What he's talking about is sensless it took Johnson and Garrett for ever to get the quirks out from those EB introductions.. English Bulldog has pug dna .. its from King George II and III who had a tradtional fighting pug of the day.. and a fighting bulldog .. soon these mixes came out and were purified under propaganda.. and if you know propaganda its not like any information is gonna jump out and say WHOOOO HERE I AM!! .. your gonna have to dig. The power of Google.. and it does matter what and how you google 

Whopper, Alapaha, American Bulldog, Chimera Sentry, Dogo, Presa, Cane Corso, Boerboel, Tosa, etc etc.. ... all these are bandogs once bulldogs go over 100+lbs they really are bandogs and a type of working mastiff. If it can be done it has.. your spot on advising for him to look into some thats been done already.


----------



## davidandluna (Oct 18, 2012)

Thanks for the advice, the Rottie did seem like the best choice, I found a breeder pretty close to me a while ago that has some pretty good stuff to offer, lots of shiw/conformation titles in their studs and females as well as herding and other working type titles, I'm not an expert or even close by any means so I did a lot of research to make sure everything was as good as it sounded. Just think that's the best way to go for many of the reasons you stated. I guess it was the love for bulldogs in me that was considering the alapaha, but like you said they aren't the dogs that they once were even most of the breeders that I've looked into claim that they are. And im by no means a dog trainer, I have an uncle who trained GSD's and malinois' for policework and they are awesome dogs, but I am by no means equipped to deal with a true high drive GSD or the Mali. So Rottie will probably be the way to go for the reasons you've stated with their natural protective instincts... And they seem a hell of a lot easier to handle. Thanks for all the advice... Soaked up a lot of info since first joining this site. Living in California I feel like I might not be able to rely on that 870 in the bedroom too much longer lol.


----------



## Just Tap Pits (Mar 4, 2013)

For man stopper a Doberman is the best bet. If I'm not mistaken they were bred solely for protection.


----------



## SteelRidgeKennels (Sep 6, 2010)

Just tap, I find them lacking in those areas. While the one I had would patrol the area, she lacked A LOT in the intelligence department.


----------



## redog (Oct 14, 2005)

SteelRidgeKennels said:


> Just tap, I find them lacking in those areas. While the one I had would patrol the area, she lacked A LOT in the intelligence department.

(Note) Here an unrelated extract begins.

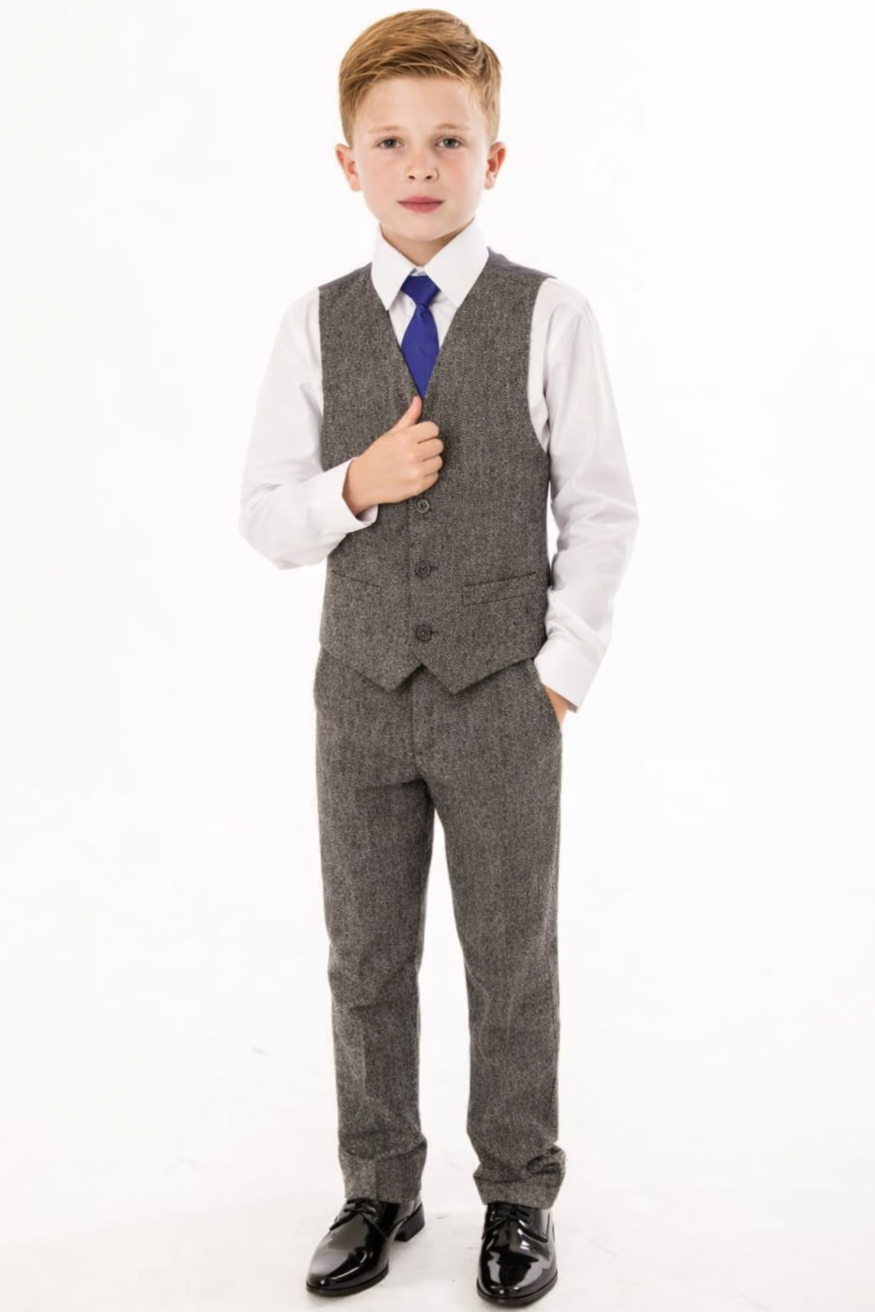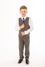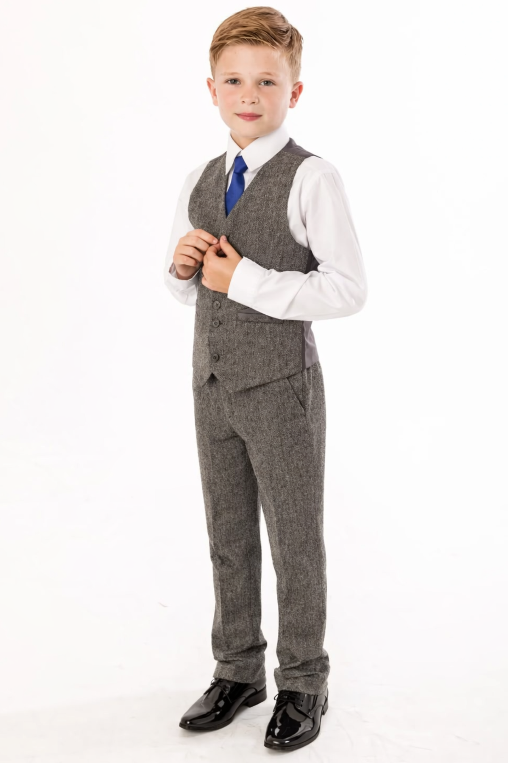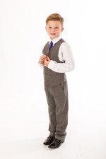 A super stylish Grey herringbone tweed suit, perfect to transform your little boy into a stylish gentleman. This high quality stylish suit consists of a fitted waistcoat and trousers in a stylish Grey herringbone tweed. A crisp White shirt and Blue tie complete the gentleman look.

That 1 thing always seems to be missing to have the total package for protection. Fate brought me a bandog. That mofo works out well, brains for days and I'm very confident the job gets done. If I were serious about needing to be protected, I would do tons of research on dogs, not breeds. Chimera has a good recipe for sentry dogs.


----------



## SteelRidgeKennels (Sep 6, 2010)

redog said:


> That 1 thing always seems to be missing to have the total package for protection. Fate brought me a bandog. That mofo works out well, brains for days and I'm very confident the job gets done. If I were serious about needing to be protected, I would do tons of research on dogs, not breeds. Chimera has a good recipe for sentry dogs.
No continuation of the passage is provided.